Book Review: Everyone Communicates Few Connect

This is a book review of the new book by John C Maxwell 'Everyone Communicates Few Connect'. John C. Maxwell is an internationally respected leadership expert, speaker, and author of many best sellers. You can read his thoughts on his blog JohnMaxwellOnLeadership.com.

'Everyone Communicates Few Connect'
makes a strong case that communication is not complete unless you have connected with your audience. Your audience can be one or many but you need to connect with them in order to achieve your objectives.

The book is made up of two parts; Connecting Principles (Part I) & Connecting Practices (Part II). In the paragraphs below I would like to share snippets on what the book talks about.

Connecting Principles

Why Connect with others?
John first talks in detail about why we need to connect with our audience. Why is it so important? What happens if we do not connect? He shares lot of personal stories to illustrate his point. Be it a group or one-on-one, be it work or home we need to connect to make the most of our skills. Connecting can make or break you.

It's about them
When it comes to connecting, you cannot be self-focused. In order to connect, you have to start focusing and worrying about others. You can only connect if you know about them, care about them and think about them. John shares a very beautiful point here. He says that people ask themselves three questions when they deal with anyone.

Do you care for me? Can you help me? Can I trust you?

If we understand these questions and if we care, help and are trust worthy we will have no problems in connecting with others.

Actions speak louder than words
We cannot say something and do the other and yet expect people to be with us. We have to live what we say. John stresses that we need to connect with people at 4 levels; connect visually, intellectually, emotionally & verbally.
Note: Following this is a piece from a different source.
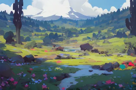 花や木々が前景にある山の谷間を流れる小川が見える風景、背景に山々、NIJIFTB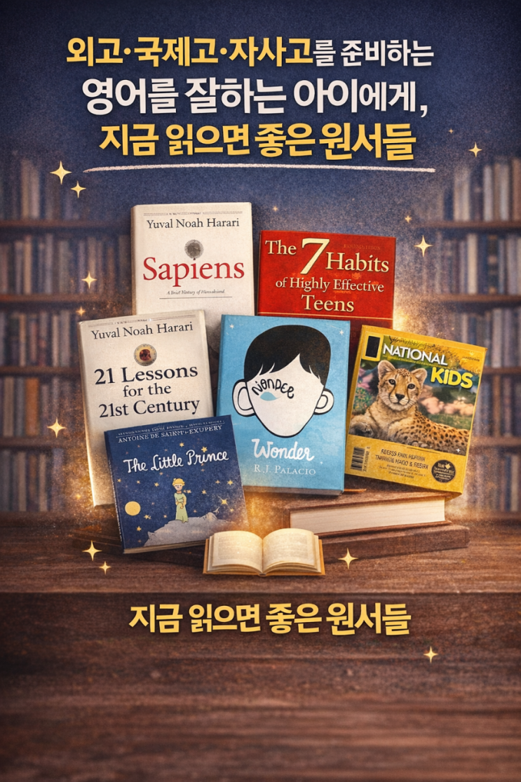 외고·국제고·자사고의 내신 영어는 교과서 해석 능력을 넘어, 다양한 지문을 이해하고 변형하며 자신의 생각을 말과 글로 표현하는 능력을 요구합니다. 이런 역량은 초등 고학년 시기의 독서 경험에서 가장 자연스럽게 만들어집니다. 1. 사고력을 키우는 인문·사회 원서 Sapiens (청소년판 권장) 인류의 역사와 문명의 흐름을 다루는 책으로, 단순 정보 전달이 아니라 “왜 인간은 이렇게 살아왔는가?”를 끊임없이 묻습니다. 사고력: 하나의 사실을 여러 관점에서 해석하는 힘 독해력: 긴 설명문 구조를 따라가며 핵심을 파악하는 능력 표현력: ‘인류·사회·미래’와 같은 큰 주제를 자신의 말로 정리하는 연습 → 외고·자사고에서 자주 등장하....... <img src="https://blogthumb.pstatic.net/MjAyNjAxMTZfMjkz/MDAxNzY4NTYyODk4NTg1.EYBnv9L6pHVsHGBdSrFZO1leKFnOOEE5trawpKNerD0g.7kZXkx7nYJMY7B7dz5Wn0oz3hykLAXvQOMm6lqE0GaMg.PNG/900%A3%DFfile%A3%DF0000000081747208b6998e7ed09513d7_%A3%A81%A3%A9.png?type=s3" />

What you sow, so shall you reap
To connect with people requires effort. They will get what you put in. John also shares what he calls the 'Four Unpardonable Sins of a Communicator - unprepared, uncommitted, uninteresting or uncomfortable'. He relates the first three sins to the energy a communicator is willing to put in.

Connecting is a skill we can learn
John is of the point of view that the ability to connect is just another skill and can be learnt. There is no such thing as a born connector. This book is basically an effort to show how one can connect better.

Connecting Practices

Part II is where the book delves into further detail of how one can connect with the audience. John urges us to find common grounds, keep our message simple, create our communication into an interesting experience for listeners, inspire people & live what we communicate. I would not get into the details of each chapter.
Good things about the book
The book has something to offer to every communicator, presenter and business leader. The book has a clear focus 'Connect better with your audience' and it has been written in a very simple manner. It is jargon free and easy to read for all. You may be an executive or a CEO but you will find the book easy to understand.

What could have been better
The book attempts to explain 'everything' in detail. It makes a conscious effort that 'everyone' who reads the book should understand what's being said. That's why it becomes a bit slow. If you have got the point by the time you are half way through the paragraph, the other half might seem slow and repetitious. The reader should pace the book to get the most out of it.